Parola / sei stata lancia e scudo p. 80

Qui non abita che il suono – della tristezza –
il respiro del corpo
                               il canto – solo –
Non più rivolta ma sogno addomesticato
fiato che era pronuncia / e parola battente.
Hai ferito?
                   quanto?
                               e veramente lo desideravi?
Parola – ti ho cesellata – Sei stata lancia e scudo.
Il tuo posto non è – accanto –
Eri in me
                ti dominavo.                     Quando?
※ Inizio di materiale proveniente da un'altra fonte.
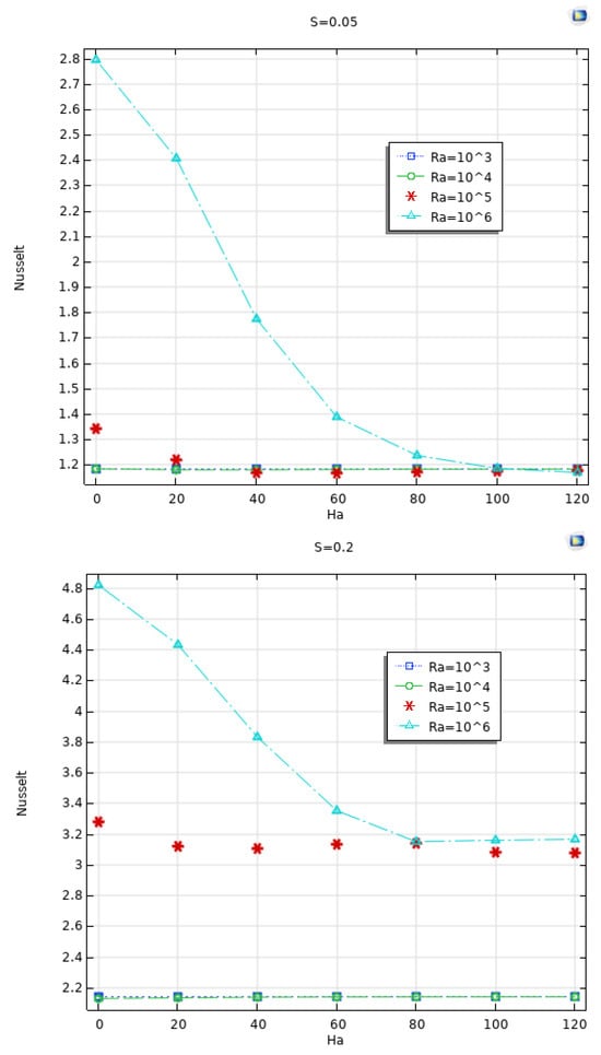 The effect of Ha out of Nu for different S and Ra values is shown in Figure 5. As the diffusion of the rate of heat transfer predominates at reduced values of Ra (), and for a given S value, Nu is virtually constant and is barely influenced by Ha. The magnetic force rises in strength at , preventing buoyant forces induced by the rate of heat transfer, although Nu decreases constantly with Ha up to about Ra = 60. Considering the exception that with slightly larger Ha values Nu almost becomes constant, between Ha = 100 and 120, whereas Nu is significantly greater at , this exhibits comparable tendencies for value of . The thermal characteristics of the space between heated cylinders are significantly influenced by the regime of Ra and Ha.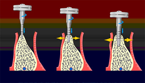 あごの骨をたくさん削って穴をつくるのとは異なり、オステオプッシャーは、骨を削らずに、骨を押し拡げてインプラントを埋入します。

Questa terza poesia batte sul tema ricorrente della lingua (saperla dominare, cioè usarla con destrezza, è un po’ il mio chiodo fisso). Cercare “la lingua giusta” significa lavorare sul linguaggio sino a trovare il modo unico e irripetibile di esprimere un concetto. La parola poetica è diversa dalla lingua della comunicazione. Essa è sorgiva, perché dice per la prima volta, è prosciugata, perché è essenziale, oscura, perché parla di un altrove, luminosa, perché ha accesso alla verità (come si vede, anche qui tornano gli opposti, pacificati nella poesia). In questo testo alludo alla doppiezza della lingua, lama a doppio taglio, parola che ferisce o che guarisce (opposti anche questi).
Per chi scrive, la consapevolezza di aver prodotto un buon testo, cioè di essere riusciti ad esprimere esattamente ciò che si voleva è la prima, importante gratificazione, una sensazione di appagamento. È ovvio però che la poesia conserva il suo margine di oscurità, di profetico, ineliminabile e necessario all’interpretazione di chi legge, anche all’autore stesso. Il mio amico Fiore ed io ci diciamo sempre “ciò che non sappiamo, la poesia lo sa”.